El proceso había comenzado oficialmente en octubre de 1989, cuando Peter Galletta, de veintiún años y uno de los ocho strattonitas originales, inauguró el ascensor encristalado del edificio disfrutando de una rápida mamada y una aún más veloz entrada por detrás tomando las generosas caderas de una asistente de ventas de diecisiete años. Era la primera asistenta de ventas de Stratton y, para bien o para mal, era rubia, hermosa y locamente promiscua.

Cuando me enteré, mi primera reacción fue escandalizarme, al punto de que consideré la posibilidad de despedir a Peter por meter la pluma en el tintero de la empresa. Pero, al cabo de una semana, la muchacha demostró que era buena para jugar en equipo. Se la chupó a los ocho strattonitas, a casi todos en el ascensor de vidrio, a mí, debajo de mi escritorio. Y lo hacía de una manera curiosa, que se volvió legendaria entre los strattonitas. Lo llamábamos retorcer y tirar. Consistía en que empleaba las dos manos de forma simultánea, imprimiéndole al mismo tiempo un furioso movimiento de rotación a su lengua. Menos de un mes después, y tras apenas insistir, Danny me convenció de que sería bueno que ambos recurriésemos a sus servicios al mismo tiempo, cosa que hicimos un sábado por la tarde, cuando nuestras respectivas esposas se fueron de compras, en busca de los vestidos que usarían en Navidad. Lo irónico es que, tres años más tarde, tras tener relaciones con quién sabe cuántos strattonitas, terminó por casarse con uno de ellos. Era uno de los ocho originales, y la había visto demostrar sus habilidades en incontables ocasiones. ¡Tal vez lo que le hizo decidirse fue lo de retorcer y tirar! Él había comenzado a trabajar conmigo a los dieciséis años. Dejó la escuela secundaria para convertirse en strattonita y vivir la Vida. Pero el matrimonio duró poco, él se deprimió y terminó por suicidarse. Fue el primer suicida de Stratton, pero no el último.

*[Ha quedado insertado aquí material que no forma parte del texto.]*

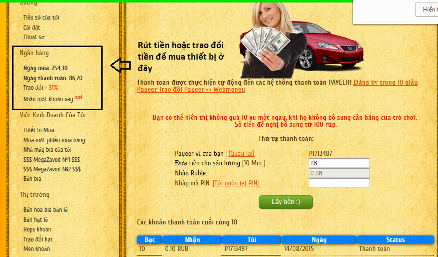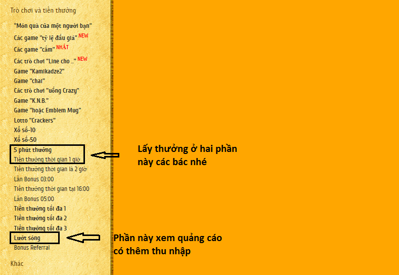 Phần trò chơi và tiền thưởng mỗi ngày, có nhiều trò chơi cho các bác lựa chọn:
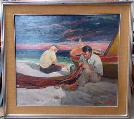 Ignoto "Pescatori" olio su tavola. Firmato E. Egitto 970 in basso a destra (cm 80x90) In cornice
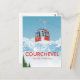 This crisp Vintage Courchevel Travel Poster Postcard captures the exhilarating atmosphere of the famous French Alps ski resort, featuring a bright red Gondola rising over snow-capped mountains.
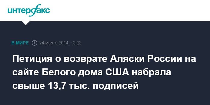 Москва. 24 марта. INTERFAX.RU - Петиция о возвращении Аляски в состав России, открытая на веб-сайте Белого дома в разделе "Мы народ" 21 марта, к утру 24 марта собрала уже 13 757 подписей.
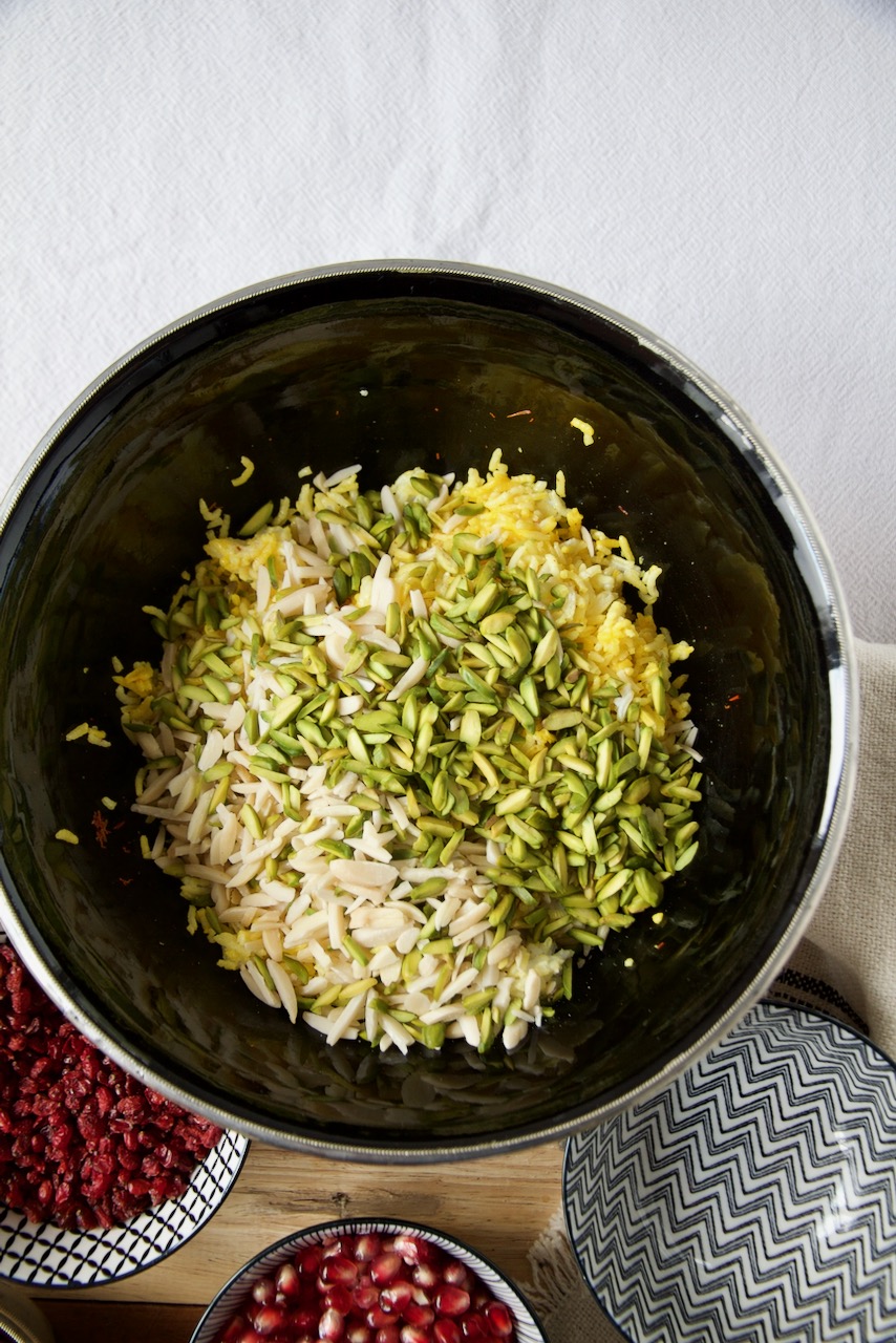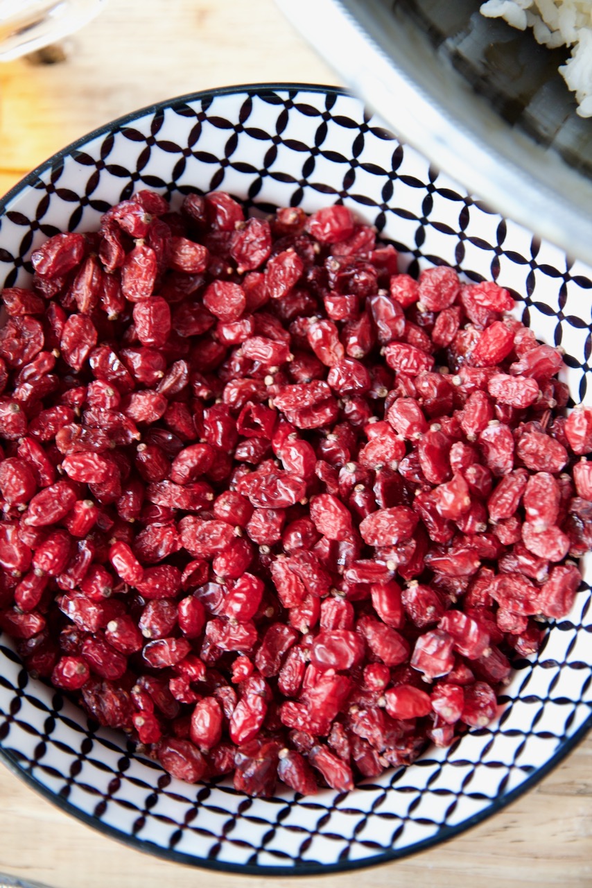 Soak barberries in cold water until everything is prepared, then strain in a colander and dry with a kitchen towel.

Al margen de eso, entre las cuatro paredes de la sala de negocios, toda conducta normal era mal vista, considerada cosa de aguafiestas que querían arruinarle la diversión a los demás. En cierto modo, ¿no era acaso relativo el concepto de depravación? Los romanos no se consideraban depravados, ¿verdad? De hecho, apostaría a que les parecía normal contemplar cómo los leones destrozaban a sus esclavos caídos en desgracia mientras los favoritos les daban de comer uvas.

En ese momento vi que Cabeza Cuadrada se me acercaba. Tenía la boca un poco abierta, las cejas muy alzadas, el mentón ligeramente levantado. Era la expresión ansiosa de alguien que se ha pasado media vida esperando hacer una única pregunta. Dado que se trataba de Cabeza Cuadrada, no me cabía duda de que se trataba de una pregunta groseramente estúpida o carente de sentido. Fuera cual fuese, lo saludé alzando, a mi vez, el mentón, y me tomé un momento para estudiarlo. En realidad, y a pesar de que tenía la cabeza más cuadrada de Long Island, era bien parecido. Tenía las suaves facciones redondeadas de un niño y un físico razonablemente agraciado. Estatura mediana, peso mediano, lo cual era sorprendente si se pensaba de qué vientre había salido.

Doris Greene, la madre de Cabeza Cuadrada, era una mujer grande en todos los aspectos. Desde la coronilla, donde un inmenso peinado de cabello color rubio piña se elevaba por encima de su ancho cráneo judío, hasta los gruesos talones callosos de sus pies de talla doce, Gladys Greene era grande. Tenía un cuello grueso como un alerce californiano y hombros de jugador de fútbol americano. Y su barriga… sí, era prominente, pero no tenía ni un gramo de grasa. Era la clase de panza que normalmente se ve en los levantadores de pesas rusos. Y sus manos eran como ganchos de carnicero.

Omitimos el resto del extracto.